They say there is no such thing as a cheap Porsche and yet today Good price or no dice Boxster is … a cheap Porsche. Could the low price make it an easy ramp to Porsche ownership? ISLANDr is it a rocky road to future spending?
The path, like yesterday’s 1979 Ford F-250 was certainly an interesting one. On the one hand, there were plenty of comments praising both the era from which the truck paid homage and the overall specification and condition of the large longbed. On the other hand, there it was $ 14,500 asking price that at a loss of 56 percent No dice came up short. That compilation of praise and passers-by may not be customized, but hopefully the cool truck will still find a new owner.
Speaking of new owners, many of you know it I recently purchased an older Porsche Boxster and is in the process of specifying pleases and trouble of its ownership to share with you all.
My experience may very well mean that one or more of you take the “Porsche leap” and pick up your own with a reasonable wrench sports car from the German car manufacturer. If you’re so bent over, then maybe this 1999 Porsche Boxster is a great place to start. It certainly seems to be the cheapest.
The ad for this variety over Savanna Beige is light on the details, though it does provide some prominent info. The pictures also tell a story. Here is everything the seller gives in the car description:
In very decent shape.
Runs and runs really well.
Top works manually. No electric.
Priced right to quick sale.
Pure title in hand.
OK, so first of all, we find out that the car has been 175,000 miles down the road. It’s a good bit of a road to a 986 and may make you wonder about the condition of waste materials and the like. Perhaps to alleviate these concerns a little, the seller notices that the car “Runs and drives really well.” Not just amazing, but “really good.”
On the downside, the seller beats the aesthetics of the car by saying that its appearance is just OK. The pictures show it, especially when we get into the interior. On the outside, there are a few obvious shortcomings. These include some paint chips and dents as well as the absence of both intake grilles and the front side marker lights.
The car later has 996 headlights with the more subtly colored turn signals. Some people strongly prefer them. The rear tailgate carries a Porsche badge instead of the expected one Boxster script.
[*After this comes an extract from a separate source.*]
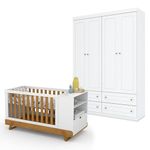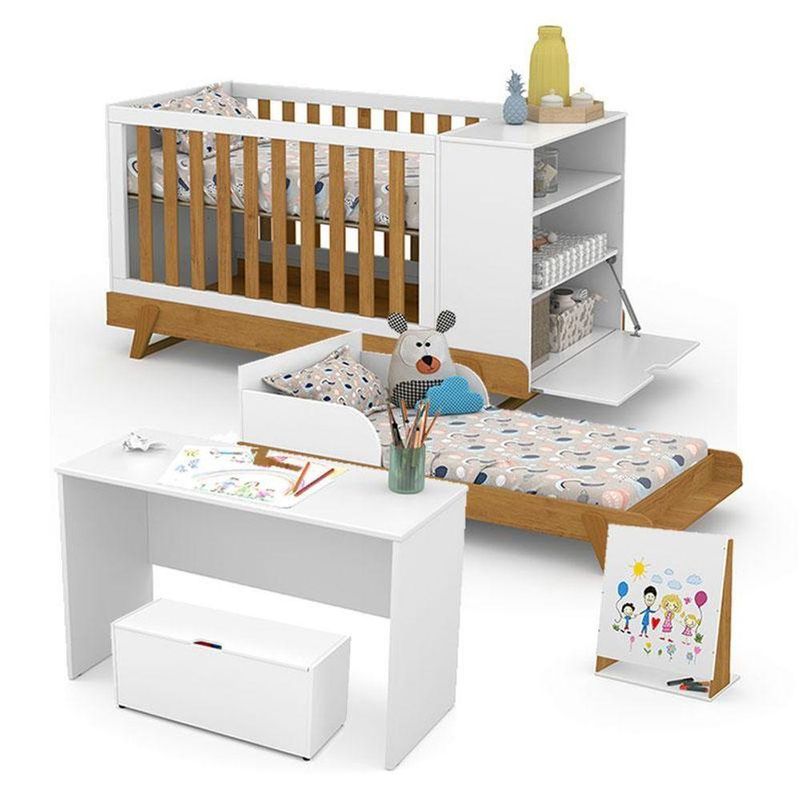 Berço Multifuncional Bkids Branco Freijó Eco Wood - Matic E Guarda Roupa Infantil Americano 4 Porta Branco Hp - HennBerço Multifuncional Bkids Branco Freijó Eco Wood - Matic e Guarda Roupa Infantil Americano 4 Porta Branco HP - HennConjunto infantil composto por Berço Multifuncional Bkids Branco Freijó Eco Wood Matic e Guarda-Roupa Infantil Americano 4 Portas Branco HP Henn. O berço multifuncional pode ser utilizado em diferentes fases do crescimento, oferecendo praticidade, segurança e conforto. O guarda-roupa possui 4 portas e bom espaço interno para organização de roupas e acessórios. Ideal para um quarto de bebê funcional, moderno e aconchegante.Berço Multifuncional Bkids Branco Freijó Eco Wood - MaticCaracterísticas Técnicas:- Desenvolvido em MDF- Pintura na cor Branco Soft Freijó Eco Wood- Pés em detalhe de madeira- Grades fixas com detalhe na cor Freijó- 03 regulagens de altura do estrado para facilitar o acesso a criança- Transforma-se em:Mini cama ultiliza colchão de 70x130 cmCama Junior ultiliza colchão de 70x150 cm ( Vendido Separadamente)Mesa kids para desenhar e se divertirBaú para organizar brinquedos e pertencesLousa para para desenho, exclusivo acabamento amadeirado- Certificado pelo INMETRO- Maior praticidade e segurança- Lindo DesignDimensões:Altura: 88 cmLargura: 165 cmProfundidade: 83 cmGuarda Roupa Infantil Americano 4 Portas Branco HP – HennCaracterísticas Técnicas:- Desenvolvido em MDP/ MDF- Frentes em MDF- Acabamento em U.V Fosco- 4 Portas- 4 Gavetas com corrediças telescópicas- Portas e gavetas com usinagem em baixo relevo- Puxadores em ABS na cor bronze- Cabideiro em alumínio- Lindo designDimensões:Altura: 218 cmLargura: 155 cmProfundidade: 49 cmInformações importantes:- Nossas cargas possuem seguro, portanto, no ato da entrega, confira a quantidade de volumes recebida, e também o estado da embalagem. Se houver qualquer inconsistência, não assine o comprovante de entrega;- O armazenamento do produto no endereço de entrega é de responsabilidade do comprador. Evite apoiar o produto na vertical, bem como evite áreas que deixem o produto exposto a chuva ou umidade excessiva;- Pequenas variações de tonalidade são possíveis, em razão da diferença de resolução da tela onde o anúncio está sendo visualizado. Se notar diferença expressiva, comunicar a empresa antes de efetuar a montagem;- O serviço de entrega contratado contempla a entrega até a primeira área coberta ou portaria, não sendo coberto o ato de subir escadas/elevadores ou adentrar nas residências;- Não nos responsabilizamos pela montagem, desmontagem ou instalação do produto.

Factory Twists appear to be in decent shape, but there is no mention of how much life is left in the tires.
Upstairs, the convertible roof looks intact, albeit with a cloudy rear window. This is far too common on these cars. Less common is failure of the electric top mechanism, which is good because it is an expensive repair. It has failed on this car and requires man (or woman) muscles to put the top up or down.
Lowering the top reveals an interior that has seen better days. The seat upholstery is cracked and broken on both sides and shows foam padding places and pocket change sink holes in others. The rest of the interior looks grungy and needs deep cleaning, but at least looks intact. The rubber coating seems to hold itself.
Other things to note here are what is described as a “custom exhaust” and the seller’s claim that the car has a six-speed transmission. We do not see any of that exhaust beyond a two-tip output under the rear license plate, but hopefully the fit still maintains all the catalytic converters. With respect to six-step: Uunless it had a replacement gearbox from a later Boxster S, the only way it could have so many gears is if you count the other way around.
A quick VIN check shows that this Boxster is not an S and has 201-horsepower 2.5-liter pancake six under its now-manual roof. For those of you with your panties in a twist over the infamous IMS-bearing problem, you can relax. The error rate of 2.5 was about 1 percent, and if this car’s engine were to blow, it would have done so long before it hit 175,000 miles.
The title of the car is pure, and in fact we actually see it in one of the pictures in the ad. It is a good thing. From other photos we can see that the registration was due in December and the car is still wearing its 2020 tags. It may indicate old snapshots, or it may just be that the seller simply does not want to rebuild a car that is for sale. Whatever the reason, it needs 2021 tags and – if you live in California where this car is located – a smog test to get them.
The car costs you $ 3,500 before all registration rigmarole, and that makes it the cheapest drive and driving (really good, remember) Porsche Boxster in the country. Does it look like a deal?
What do you think is this worn out but apparently not worn out Boxster worth losing so much? Or is it actually too cheap considering how much more is likely to be needed to do it right?
Sacramento, California, Craigslistor go here if the ad disappears.